Keeping hair your short can help.


----------



## visualkeirockstar (Aug 5, 2012)

I cut my hair like once or twice a year. Its either long or when i cut it its short.


----------



## againsthegrain (Jan 10, 2013)

visualkeirockstar said:


> I cut my hair like once or twice a year. Its either long or when i cut it its short.


Wow. I get it cut roughly once every month!


----------



## Life Aint No Joke (Mar 8, 2013)

Age 1-20: Buzzcut










...It's all good though.


----------



## againsthegrain (Jan 10, 2013)

Life Aint No Joke said:


> Age 1-20: Buzzcut
> 
> 
> 
> ...


Ye but you never have to worry about styling it wrong


----------



## BelowtheCurrent (Mar 14, 2013)

Sacrieur said:


> I wake up. And that's generally good enough.
> 
> My hair does what it wants and no amount of anything is going to change that. Well, there are a few things that help, but not much. I have outrageous amounts of volume and extremely resistant, yet delicate hair that will either just not do what you want or become frizzy.
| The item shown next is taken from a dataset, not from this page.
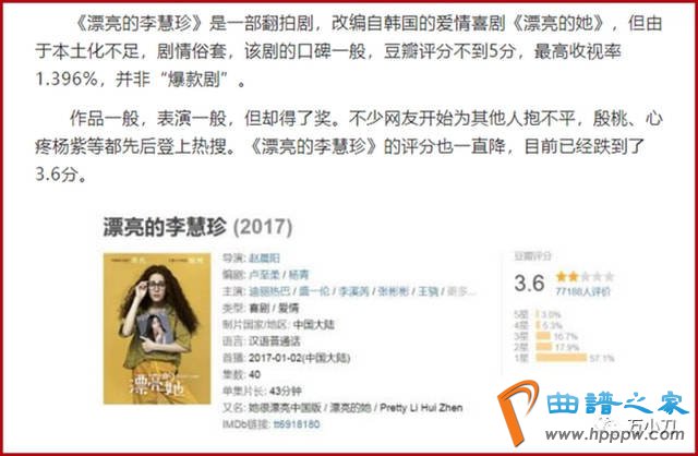 一时间,迪丽热巴获奖作品的评分持续下滑。很多网友认为,《漂亮的李慧珍》翻拍自韩剧《漂亮的她》,本土化不足,剧情俗套,口碑和收视一般,并非是“爆款剧”。

Yeah, I usually just wake up and out the door I go. My hair does what it likes and I let it. Brushing my hair just ruins it so I just leave it be.


----------



## Diacetylmorphine (Mar 9, 2011)

I just let it grow till it gets annoying, then cut it.

My record is 1 year and 11 months, it was a little longer than shoulder length.


----------



## Secretly Pretentious (Dec 18, 2011)

Here are my hairstyle phases, guys!

Kid: long hair with middle part
Pre-teen: long hair with middle part
Teen: long hair with middle part
Early 20s: slightly longer hair with middle part

Quite daring and unpredictable, no?


----------



## monotonous (Feb 1, 2013)

been working on this still having some technical issues


----------



## always starting over (Mar 15, 2013)

Kindergarten through 6th grade - swanky short hair. like 50s style
7th through 9th grade - Jewfro
9th grade through first 4 years of college - long hair past my shoulders (70s guitarist style)
Super senior till present - swanky short hair.


----------



## tea111red (Nov 8, 2005)

-long hair/bangs (5 yrs old)
-almost jheri curl bad perm hair (5-6 yrs old)
-short hair/bangs (elementary school)
-bleached/orange hair (elementary school)
-black hair (jr. high)
-maroonish/brownish hair (jr high)
-fried looking hair from the last 3 (jr high/9th grade)
-long hair/no bangs (teens)
-longish hair/crappy bangs (late teens)
-flat ironed mid-length hair/bangs (early 20s)
-black/brown (roots) flat ironed short hair/bangs (early 20s)
-black/brown (roots) flat ironed really short hair/bangs (early-mid 20s)
-black/brown (roots) flat ironed mid-length hair/bangs (now)
-probably some other bad hair phases


----------



## mfd (May 5, 2013)

As a little kid, my parents made me keep my hair like the kid from Problem Child.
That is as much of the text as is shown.